Question

Previous studies suggest that the length of time that a FL resident has resided in the city is normally distributed with a population standard deviation of 11.95 months.

a) In order to construct a 94% confidence interval for the true mean time with a margin of error no greater than 2 months, how large of a sample should be gathered?

The critical value, z_c=  (round to two decimal places).

The sample size, n =  .

b) A random sample of 203 FL residents has a sample mean of time spent living in FL as 75 months.

Construct a 94% confidence interval for the true mean time residing in the city.

Confidence Interval is: (  ,  ).

Using the same data as above, test the claim that the mean length of FL residency is less than 90 months at the 1% significance level.

Which of the following are the correct null and alternative hypotheses for the question above?

Group of answer choices

Answer 1

a)
The following information is provided,
Significance Level, α = 0.06, Margin or Error, E = 2, σ = 11.95

The critical value for significance level, α = 0.06 is 1.88.

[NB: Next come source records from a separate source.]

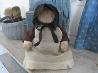 ANTIQUE, OHIO AMISH, RAG DOLL, HAND MADE, BUTTON JOINTED ARMS AND LEGS, SOFT STUFFED, PRIMITIVE AMERICAN COUNTRY FIND! I bought a very large collection of Pennsylvania and Ohio Amish, Dolls, Stuffed Toys, Long Stockings, Mittens, Pincushions, etc. Slowly I will be listing them on Ebay when I have time. APPROX: height is 11 1/2" CONDITION: spots, fading, along with wear and use that is expected with age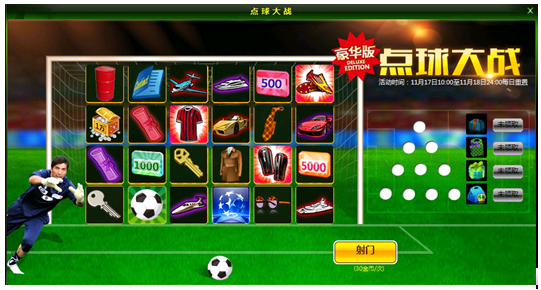 活动内容:在活动期间内,玩家参与点球大战活动,24件道具展现在球门框内,玩家仅需30金币点击射门按钮可随机获得一件道具哟,如果你射中了“足球”那你一定要攒起来,攒到10个“足球”,那点球至尊礼包就要免费为你送上啦~“足球”大奖领取次数有限喔!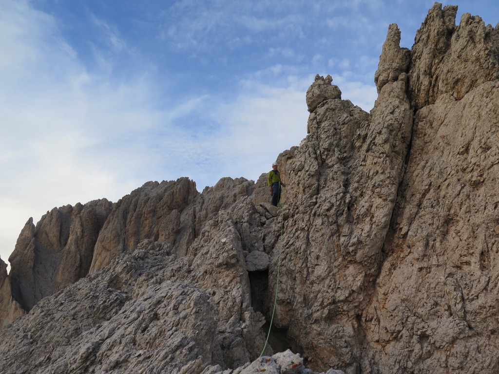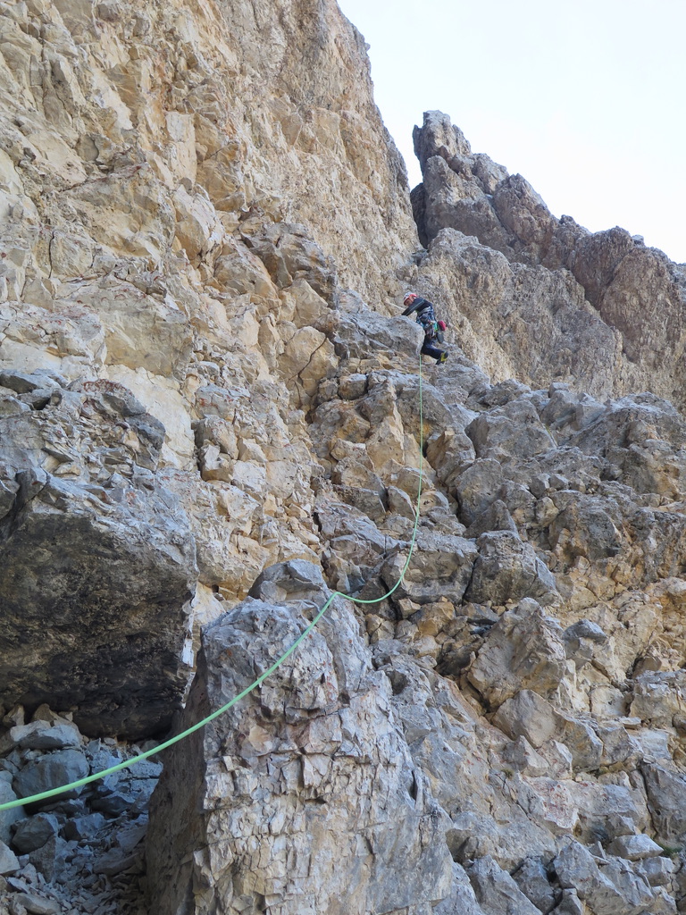 About half the pitches had excellent Dolomite rock, but the other half was semi-rotten which didn’t encourage speed climbing, even if I’d been capable.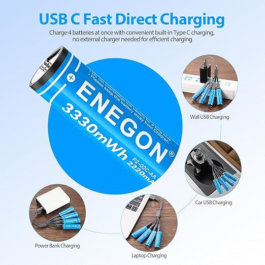 ENEGON 単三電池 充電式 4本セット 3330mWh (2220mAh)1200回以上使用可能 1.5V定出力 単3 リチウムイオン電池 - TYPE-C充電ケーブル付き 保護回路付き a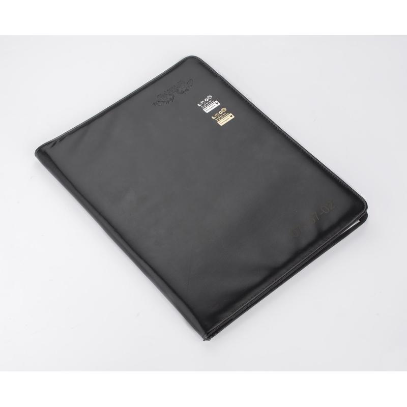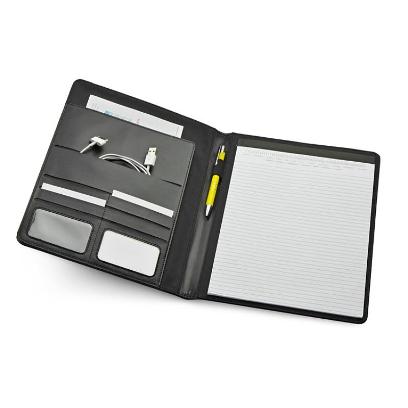 Elegancka, klasyczna teczka wykonana z materiału skóropodobnego (PU). Wewnątrz 1 duża kieszeń na dokumenty, 1 średnia kieszeń oraz 6 małych kieszonek np. na wizytówki. Wyposażona jest w notes w linie (20 kartek A4). Notes nie jest umocowany na stałe, ale wsuwany w kieszonkę, dzięki czemu można go łatwo wymienić. Logo można wykonać wieloma technikami na powierzchni teczki.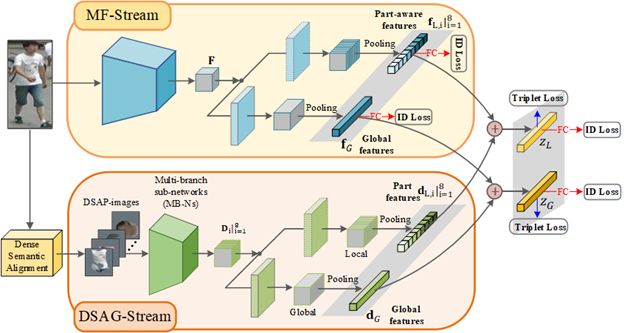 我们通过两路联合学习框架,学习密集语义对齐的全局和局部行人特征表达。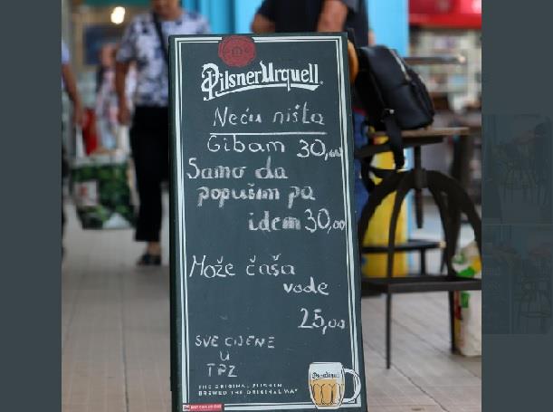 "Samo da pojedem" će vas koštati 45 kn (oko 700 dinara), a "čekam prijateljicu" 20 (300 dinara). "Gde je WC?" se plaća dobrih 60 kn (900 dinara). "Samo da popušim i idem" je 30 kn (oko 500 dinara), jednako kao i "Neću ništa, idem", a čuveno "Može čaša vode" je 25 kn (400 dinara).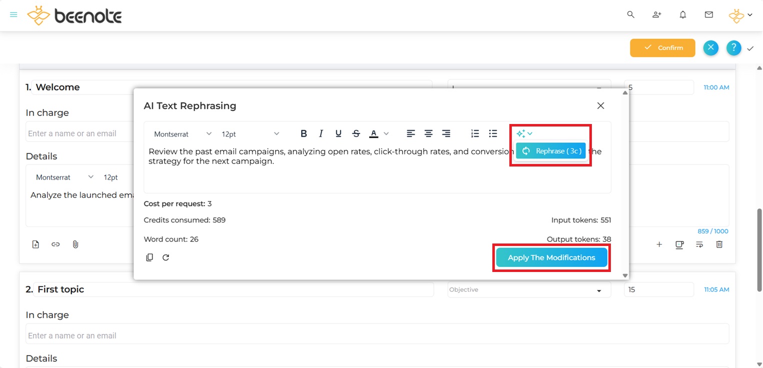 Simply enter your text, then click on AI Tools icon and select Rephrase button. Your text will then be rewritten.

The following formula is used to compute the minimum sample size required to estimate the population mean μ within the required margin of error:
n >= (zc *σ/E)^2
n = (1.88 * 11.95/2)^2
n = 126.18

Sample size = 126

b)
sample mean, xbar = 75
sample standard deviation, σ = 11.95
sample size, n = 203

Given CI level is 94%, hence α = 1 - 0.94 = 0.06
α/2 = 0.06/2 = 0.03, Zc = Z(α/2) = 1.88

CI = (xbar - Zc * s/sqrt(n) , xbar + Zc * s/sqrt(n))
CI = (75 - 1.88 * 11.95/sqrt(203) , 75 + 1.88 * 11.95/sqrt(203))
CI = (73.42 , 76.58)

c)
Below are the null and alternative Hypothesis,
Null Hypothesis, H0: μ = 90
Alternative Hypothesis, Ha: μ < 90

Test statistic,
z = (xbar - mu)/(sigma/sqrt(n))
z = (75 - 90)/(11.95/sqrt(203))
z = -17.88

P-value Approach
P-value = 0
As P-value < 0.01, reject the null hypothesis.